William Rowan Hamilton

Hamilton


If you look through a piece of crystalline calcite, you will see a double image:
calcite
This effect was discovered by Christiann Huygens in 1690. It is due to the fact that the calcite index of refraction is not isotropic, but depends on direction. So, a light beam incident upon a calcite crystal can be split into two beams which will emerge from the crystal in two different directions, and that results in the familiar double image.

In 1832, the great Irish physicist Hamiltonian made an amazing prediction of a previously unknown optical phenomenon.

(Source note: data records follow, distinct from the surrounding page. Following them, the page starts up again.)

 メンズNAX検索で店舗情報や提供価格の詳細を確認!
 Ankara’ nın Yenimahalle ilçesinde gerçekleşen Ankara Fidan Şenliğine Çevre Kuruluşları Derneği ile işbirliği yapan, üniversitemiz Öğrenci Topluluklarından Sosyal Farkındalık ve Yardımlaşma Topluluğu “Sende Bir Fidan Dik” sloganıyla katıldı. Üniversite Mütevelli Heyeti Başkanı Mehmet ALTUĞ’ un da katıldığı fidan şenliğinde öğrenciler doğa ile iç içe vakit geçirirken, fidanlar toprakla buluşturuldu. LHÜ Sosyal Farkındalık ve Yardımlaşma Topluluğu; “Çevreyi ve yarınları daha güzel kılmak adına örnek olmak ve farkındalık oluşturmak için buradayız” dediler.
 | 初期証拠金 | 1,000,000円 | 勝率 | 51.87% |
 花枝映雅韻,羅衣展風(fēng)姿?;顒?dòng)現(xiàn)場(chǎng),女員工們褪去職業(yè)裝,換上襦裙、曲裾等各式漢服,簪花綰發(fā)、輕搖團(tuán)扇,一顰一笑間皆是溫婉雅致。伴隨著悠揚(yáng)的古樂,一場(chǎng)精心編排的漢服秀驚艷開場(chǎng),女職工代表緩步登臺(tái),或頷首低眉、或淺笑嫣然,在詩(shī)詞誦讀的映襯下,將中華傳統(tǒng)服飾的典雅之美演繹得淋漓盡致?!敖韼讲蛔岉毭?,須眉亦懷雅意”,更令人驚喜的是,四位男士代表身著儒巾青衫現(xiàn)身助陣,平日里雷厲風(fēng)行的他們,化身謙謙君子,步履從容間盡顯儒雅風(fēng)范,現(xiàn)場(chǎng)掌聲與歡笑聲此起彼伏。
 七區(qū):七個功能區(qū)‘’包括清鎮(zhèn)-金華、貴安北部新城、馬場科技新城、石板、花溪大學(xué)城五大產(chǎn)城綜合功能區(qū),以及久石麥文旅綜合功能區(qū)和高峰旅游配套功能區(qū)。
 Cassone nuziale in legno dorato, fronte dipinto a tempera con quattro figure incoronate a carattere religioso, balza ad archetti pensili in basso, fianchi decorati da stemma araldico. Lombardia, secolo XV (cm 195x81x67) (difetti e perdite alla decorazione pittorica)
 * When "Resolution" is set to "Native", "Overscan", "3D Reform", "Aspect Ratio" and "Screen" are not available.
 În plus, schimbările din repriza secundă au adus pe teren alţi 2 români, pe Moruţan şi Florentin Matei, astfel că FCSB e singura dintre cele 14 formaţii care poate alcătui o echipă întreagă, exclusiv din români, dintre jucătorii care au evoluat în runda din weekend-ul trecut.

He predicted that under special circumstances, instead of two beams, an infinite number of beams could be made to emerge from the crystal (in this particular case, not a calcite crystal, but aragonite), and the beams would form a hollow cone. This conical refraction that Hamilton predicted was in fact observed in 1833 by Lloyd.

Hamilton made monumental contributions to optics ( Theory of Systems of Rays ) and mechanics ( On a General Method in Dynamics ), but he considered his greatest work to be his discovery of the mathematical objects known as quaternions .

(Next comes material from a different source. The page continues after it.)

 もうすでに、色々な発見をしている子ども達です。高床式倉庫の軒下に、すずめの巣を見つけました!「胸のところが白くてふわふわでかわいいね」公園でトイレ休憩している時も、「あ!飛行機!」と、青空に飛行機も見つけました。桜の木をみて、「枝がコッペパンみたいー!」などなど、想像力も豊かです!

Hamilton's discovery was made while he was attempting to generalize the complex numbers from two dimensions to three dimensions. The complex numbers are normally represented by x+ iy, with i being a new quantity obeying i*i = -1, and x,y real numbers. He was seeking a generalization to three dimensions by adding, reasonably enough, a single new entity to the complex numbers. So, in effect, this would be akin to a creating new quantity of the form a+ix +jy, with x,y,and a real, and by analogy with the complex numbers, requiring the new entity j to obey j*j = -1. Unfortunately, as was proven later, it is not possible with three terms to do so in a way that retained all the required algebraic properties.

Hamilton achieved the required generalization when he realized he needed to add not one, but two new entities, thus creating a new object of the form a + ix +jy + kz (with j*j = -1 and k*k = -1). This new object could be made to have the correct algebraic properties, and he called it a quaternion. Quaternions have the property of having a non-commutative multiplication, and so from a purely mathematical view are interesting as an example of a skew-field.

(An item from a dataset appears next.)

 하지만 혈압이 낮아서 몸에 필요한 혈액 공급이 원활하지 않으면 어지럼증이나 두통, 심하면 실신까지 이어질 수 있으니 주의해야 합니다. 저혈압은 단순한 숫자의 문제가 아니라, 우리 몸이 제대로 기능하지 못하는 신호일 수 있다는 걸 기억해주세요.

In particular, the quaternion multiplication of two unit quaternions, each representing a rotation, can be interpreted as yielding a new quaternion that corresponds to the composition of the two rotations.

Quaternions also have the mathematical advantage of being well defined for all angles. By contrast, in the usual Euler angles description of a rigid body, if one examines the Jacobian of the transformation of angular velocities from the fixed frame to the body frame, one finds it is singular at theta= Pi...and at this angle,  a gyroscope that has been built using Euler angles will exhibit the annoying behavior of gimbal lock. To see an actual example of gimbal lock in such a gyroscope, look at 3:43 in this video.

In computer graphics animation, quaternion interpolation provides an effective means of spherical linear interpolation, or SLERP, as it is known. That is, if you have two points on the unit sphere, SLERP allows you to generate a sequence of points, also on the sphere, (this set of points are also known as "keyframes" in computer animation) beginning with one of the given points and ending on the other point, and also such that the transversing the sequence will be done with a constant velocity.